DATA FOR ANALYSIS ->
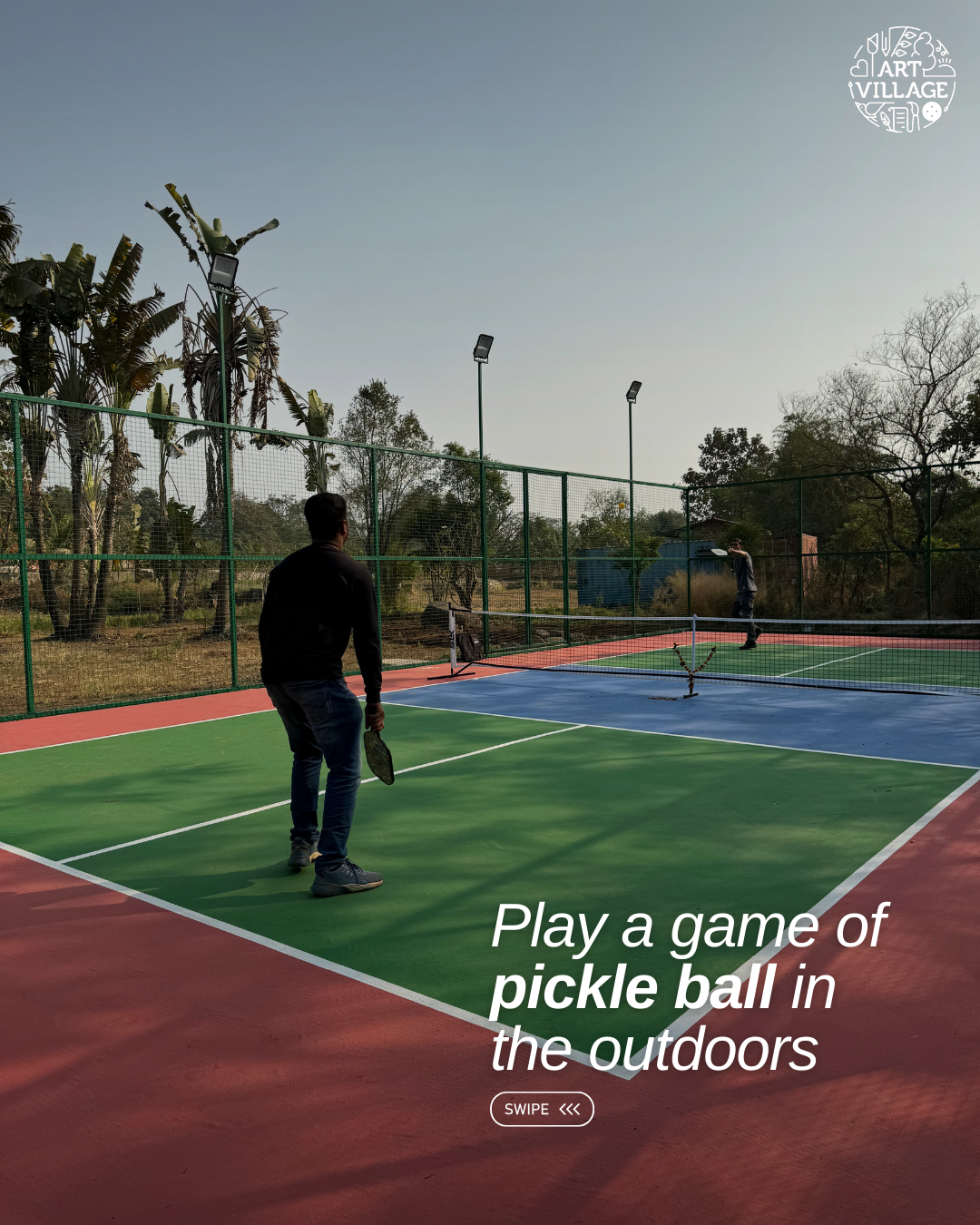 Art village Karjat is a heaven for hosting Retreats an hour and a half away from Mumbai city. An artist collaborative space spread over 7 acres of farm land that houses organic farming, a meditation center, a swimming pool, horse stables, pickle ball court a cafe and a recreational space with a library and artist studios in pottery, print making and wood working.
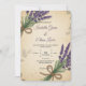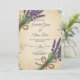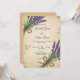 Um belo design de convite de casamento rústico, que apresenta imagens de lavanda moles, amarradas com fio natural em cantos opostos, acentuado com delicadas folhas de eucalipto e talheres de ouro gentis para um charme de vintagem. O fundo de pergaminho bege quente dá uma aparência elegante e eterno, com espaço para texto totalmente editável. Perfeito para casais planejando um casamento rústico, rural ou inspirado na natureza.
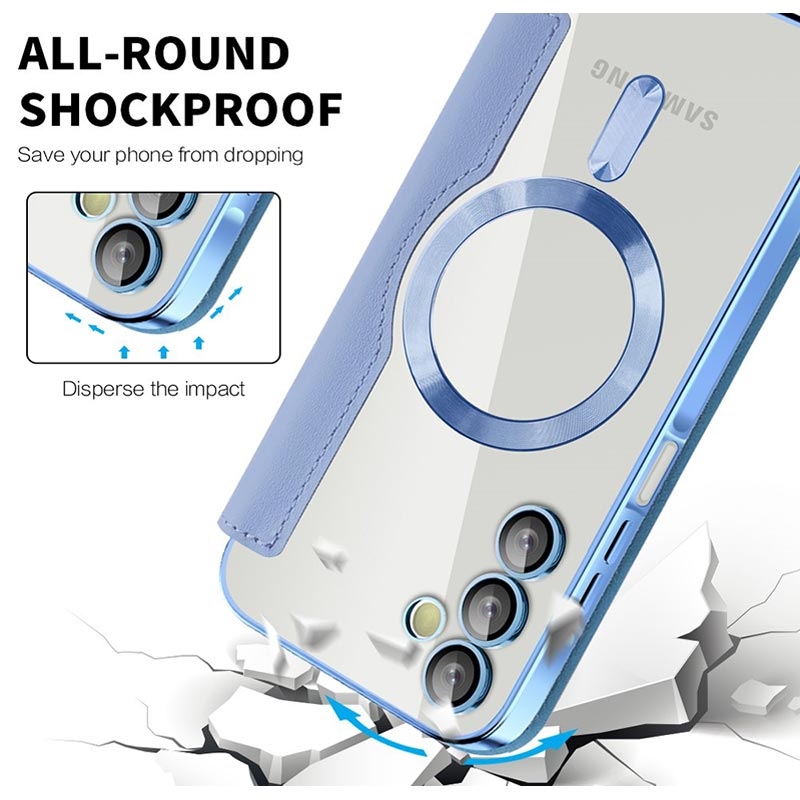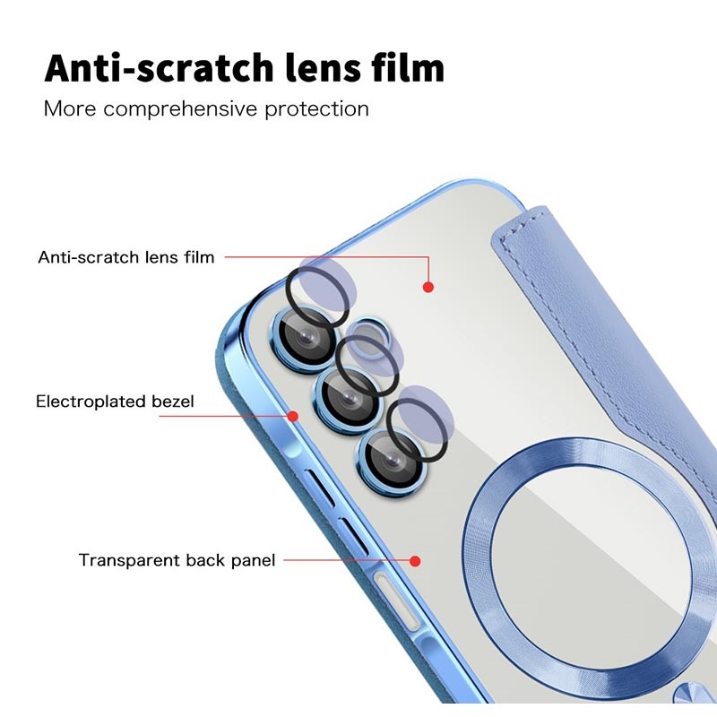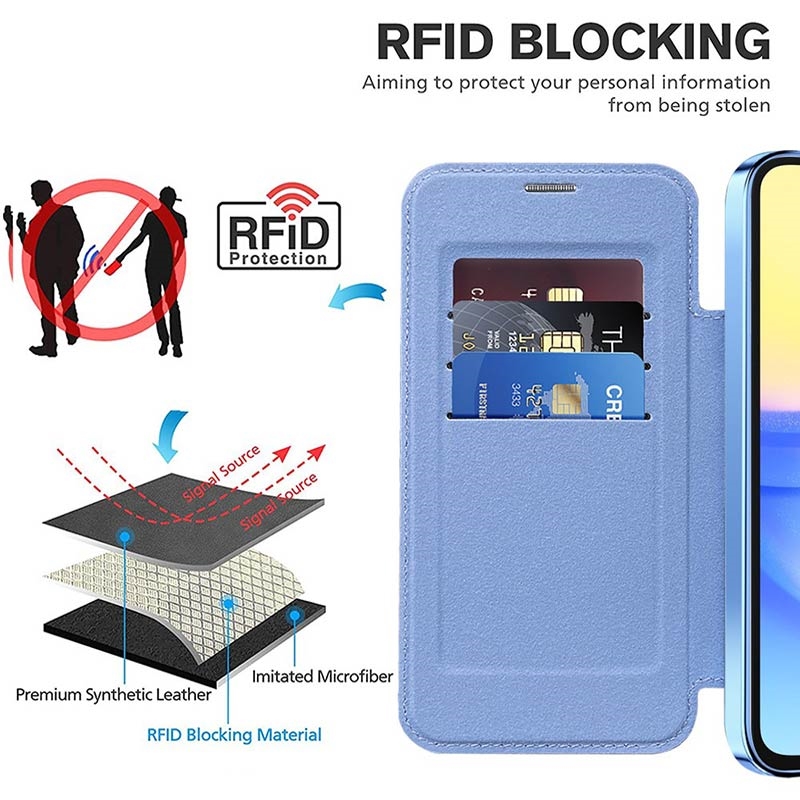 This premium Samsung Galaxy A15 case is crafted with high-quality TPU, Acrylic, and polyurethane, using a fine process to ensure a delicate and exquisite finish. It is equipped with a convenient card slot for easy swiping and spending on the go, and features a strong magnet for automatic closing, making it safe and convenient to manage items inside. This Samsung Galaxy A15 case provides effective protection against daily wear and tear, scratches, marks, and scrapes, while the advanced RFID blocking technology in the card slot ensures your personal information is protected from theft. Additionally, the built-in magnetic ring is compatible with MagSafe wireless charging, meaning you can charge your Samsung Galaxy A15 without taking off the case.
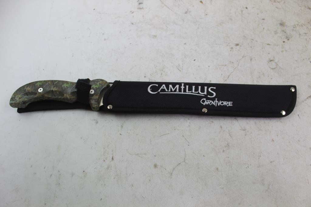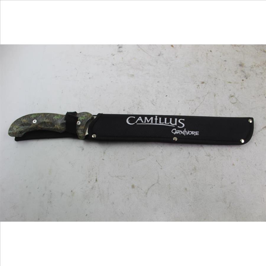 Get a great deal with this online auction presented by PropertyRoom.com on behalf of a law enforcement or public agency client. - Brand: Camillus Titanium Bonded Canivore Fixed Blade Knife And Sheath
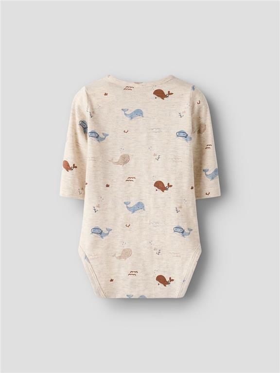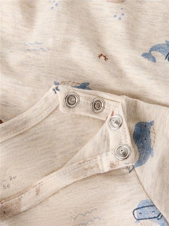 Otroški fantovski body z all over potiskom, iz prijetnega in udobnega ekološkega bombaža, zapenjanje na rami s skritimi pritiskači, dolg rokav. Material: 95% ekološki bombaž, 5% elastan
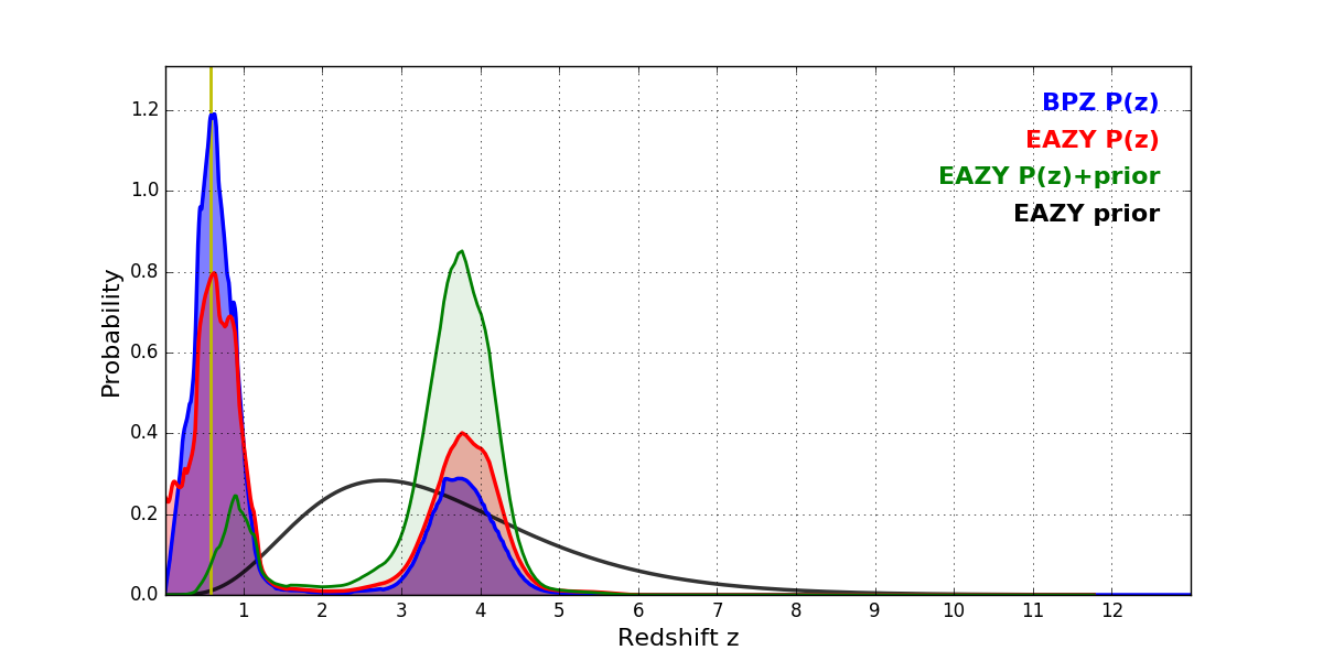 In P(z) plots: Yellow lines mark the cluster redshift z = 0.586,

WHAT THE TASK REQUIRES -> Give the entries back verbatim and omit the images.

RESULT OF THE TASK ->
 Art village Karjat is a heaven for hosting Retreats an hour and a half away from Mumbai city. An artist collaborative space spread over 7 acres of farm land that houses organic farming, a meditation center, a swimming pool, horse stables, pickle ball court a cafe and a recreational space with a library and artist studios in pottery, print making and wood working.
 Um belo design de convite de casamento rústico, que apresenta imagens de lavanda moles, amarradas com fio natural em cantos opostos, acentuado com delicadas folhas de eucalipto e talheres de ouro gentis para um charme de vintagem. O fundo de pergaminho bege quente dá uma aparência elegante e eterno, com espaço para texto totalmente editável. Perfeito para casais planejando um casamento rústico, rural ou inspirado na natureza.
 This premium Samsung Galaxy A15 case is crafted with high-quality TPU, Acrylic, and polyurethane, using a fine process to ensure a delicate and exquisite finish. It is equipped with a convenient card slot for easy swiping and spending on the go, and features a strong magnet for automatic closing, making it safe and convenient to manage items inside. This Samsung Galaxy A15 case provides effective protection against daily wear and tear, scratches, marks, and scrapes, while the advanced RFID blocking technology in the card slot ensures your personal information is protected from theft. Additionally, the built-in magnetic ring is compatible with MagSafe wireless charging, meaning you can charge your Samsung Galaxy A15 without taking off the case.
 Get a great deal with this online auction presented by PropertyRoom.com on behalf of a law enforcement or public agency client. - Brand: Camillus Titanium Bonded Canivore Fixed Blade Knife And Sheath
 Otroški fantovski body z all over potiskom, iz prijetnega in udobnega ekološkega bombaža, zapenjanje na rami s skritimi pritiskači, dolg rokav. Material: 95% ekološki bombaž, 5% elastan
 In P(z) plots: Yellow lines mark the cluster redshift z = 0.586,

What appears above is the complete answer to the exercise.